→ **PROBLEM DETAILS**: From the line that contains "이상 문화재 지킴이 퀴즈를 풀어서 신바람 탈 샤코 아이콘을 받으실 수 있습니다." down to the last line of the entries, repeat every line exactly. Do not carry over the pictures.

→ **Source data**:
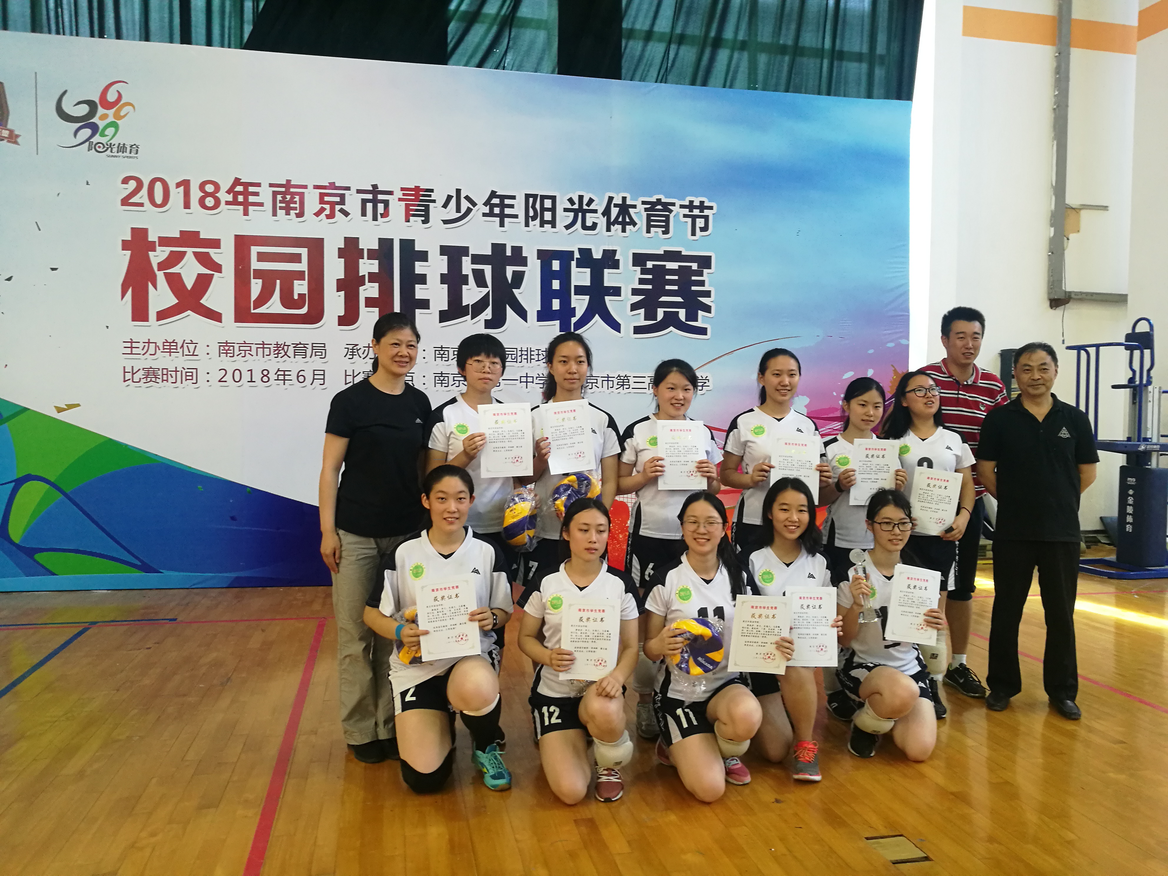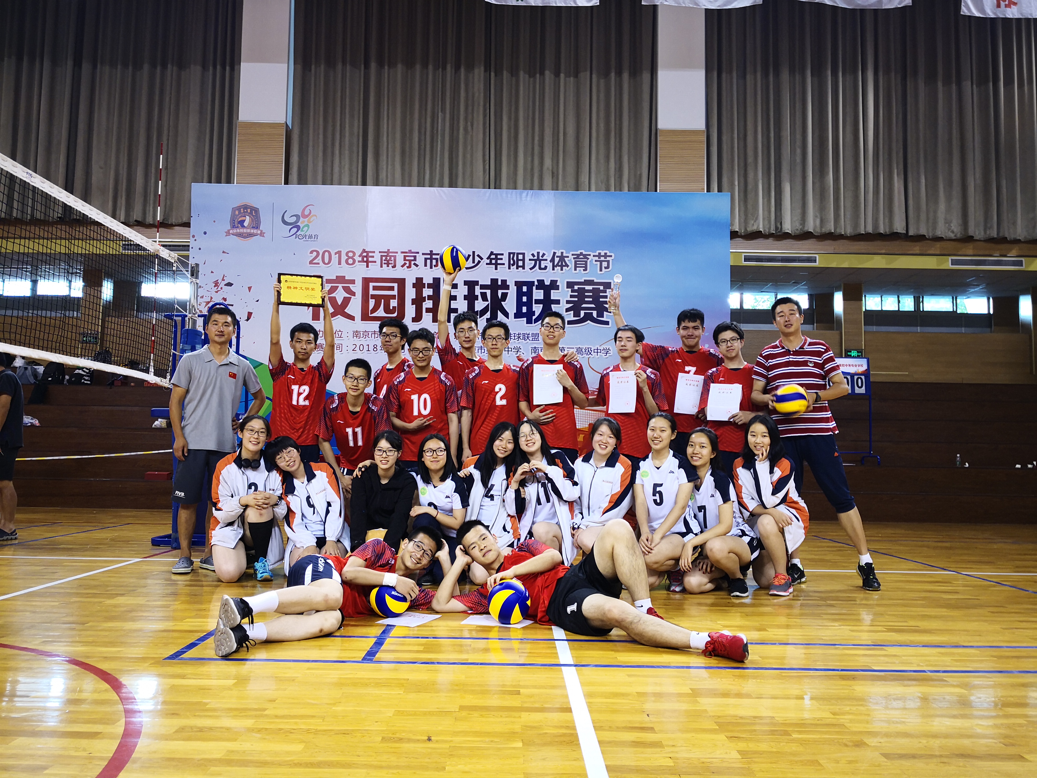 2018年南京市青少年阳光体育节校园排球联赛高中职校男子、女子组的比赛于2018年6月16日在南京一中和南京三中落下帷幕,我校高中男、女排在比赛中奋勇拼搏,遵守比赛规则,尊重裁判与对手,赛出了风格,打出了水平,最终都荣获一等奖,同时荣获“精神文明奖”。
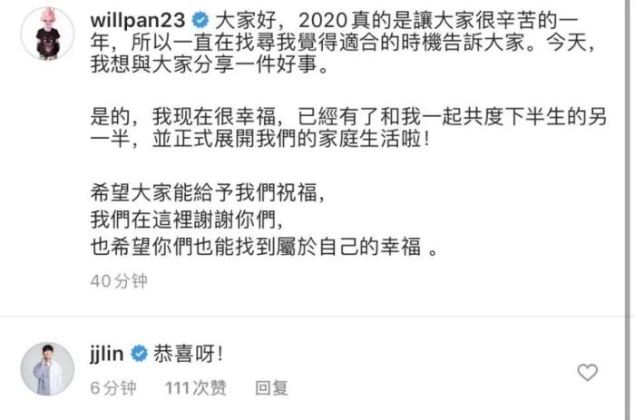 不过林俊杰的评论倒是很正常说的“恭喜。”
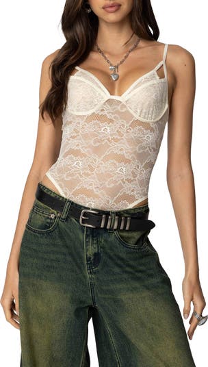 Date night is calling in this lacy bodysuit designed with flirty cutouts at the cups and a sheer design below the bust.
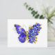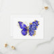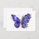Bijoux, bleu, saphir, papillon aux fleurs pétillantes avec aile décorée de bleu, fleurs précieuses avec feuilles d'or sur arrière - plan blanc.
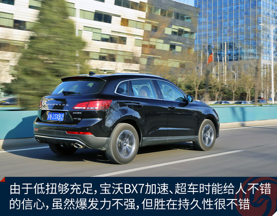 動(dòng)力方面寶沃BX7擁有一臺(tái)2.0T渦輪增壓直噴發(fā)動(dòng)機(jī),目前在售的均為高功率版本,擁有165千瓦的最大功率和300牛頓·米的峰值扭矩,這臺(tái)2.0T發(fā)動(dòng)機(jī)是寶沃聯(lián)合德國FEV公司共同研發(fā),最大功率數(shù)據(jù)可觀,但峰值扭矩因?yàn)樽兯倨髂艹惺茏畲笈ぞ氐南拗票辉O(shè)定得略微保守,可見這還并非這臺(tái)發(fā)動(dòng)機(jī)的全部潛力。令人欣慰的是,這臺(tái)2.0T發(fā)動(dòng)機(jī)峰值扭矩在1500rpm即可輸出,這個(gè)優(yōu)點(diǎn)讓它在低轉(zhuǎn)速區(qū)即可有充沛的牽引力,駕駛起來顯得更加輕松,超車的時(shí)候信心十足。
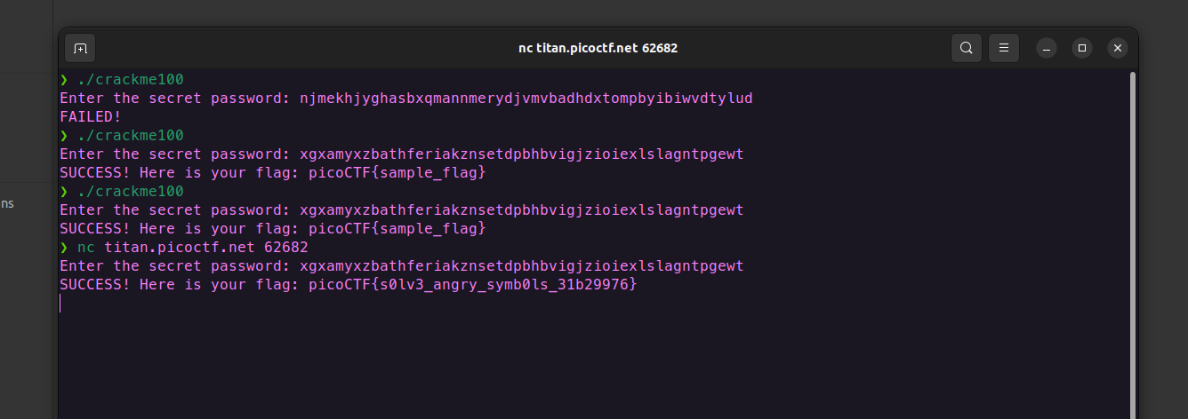 A classic Crackme. Find the password, get the flag!Binary can be downloaded here.Crack the Binary file locally and recover the password. Use the same password on the server to get the flag!
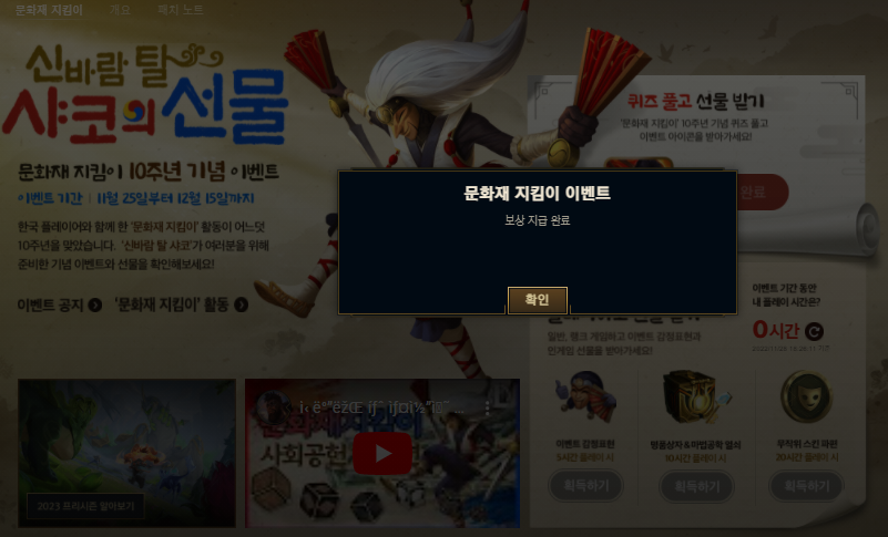 이상 문화재 지킴이 퀴즈를 풀어서 신바람 탈 샤코 아이콘을 받으실 수 있습니다.
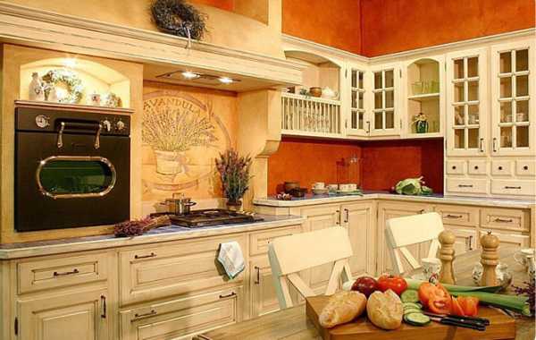 Обычно кухонные гарнитуры изготавливают из натуральной древесины, фасады окрашивают в светлых тонах, делая их матовыми. На мебельных поверхностях непременно должны быть легкие потертости.

→ **EXERCISE OUTPUT**:
 이상 문화재 지킴이 퀴즈를 풀어서 신바람 탈 샤코 아이콘을 받으실 수 있습니다.
 Обычно кухонные гарнитуры изготавливают из натуральной древесины, фасады окрашивают в светлых тонах, делая их матовыми. На мебельных поверхностях непременно должны быть легкие потертости.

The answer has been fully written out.